To solve the problem of how much time will be required to precipitate 2 g of copper from a solution of CuSO₄ using a current of 0.5 amperes, we can follow these steps:
### Step 1: Determine the molar mass of copper (Cu)
The molar mass of copper (Cu) is approximately 63.5 g/mol.
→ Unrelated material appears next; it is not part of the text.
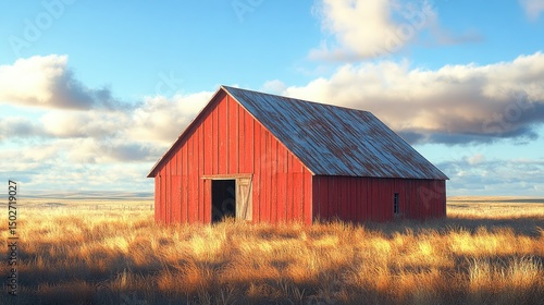 barn, red, rustic, field, gold, grass, rural, country, farm, landscape, sunset, sunrise, sky, cloud, open, door, wooden, structure, agriculture, nature, horizon, exterior, autumn, fall, peaceful, tranquil, stillness, vintage, isolated, simple, old, classic, sunny, warm, light, wheat, goldenrod, empty, quiet, wide, huge, farmland, pasture, hay, storage, ranch, colours, image
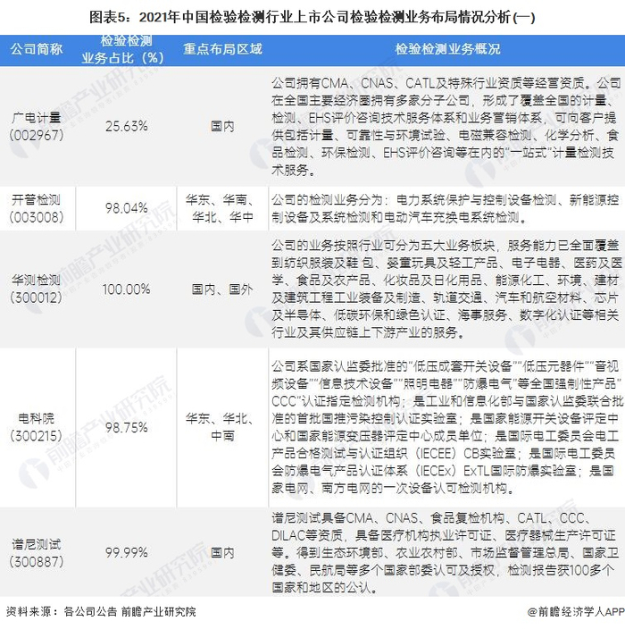2、检验检测行业上市公司业务布局对比

### Step 2: Calculate the number of moles of copper to be precipitated
To find the number of moles of copper in 2 g, we use the formula:
\[
\text{Number of moles} = \frac{\text{mass}}{\text{molar mass}} = \frac{2 \, \text{g}}{63.5 \, \text{g/mol}} \approx 0.0315 \, \text{mol}
\]
### Step 3: Determine the total charge required to deposit the copper
The reaction for the deposition of copper from Cu²⁺ ions is:
\[
\text{Cu}^{2+} + 2e^- \rightarrow \text{Cu (s)}
\]
This indicates that 2 moles of electrons are required to deposit 1 mole of copper. Therefore, for 0.0315 moles of copper, the number of moles of electrons required is:
\[
\text{Moles of electrons} = 0.0315 \, \text{mol} \times 2 = 0.0630 \, \text{mol}
\]
### Step 4: Calculate the total charge (Q) required
Using Faraday's constant (approximately 96500 C/mol), the total charge required can be calculated as:
\[
Q = \text{moles of electrons} \times \text{Faraday's constant} = 0.0630 \, \text{mol} \times 96500 \, \text{C/mol} \approx 6080 \, \text{C}
\]
### Step 5: Use the formula to find time (t)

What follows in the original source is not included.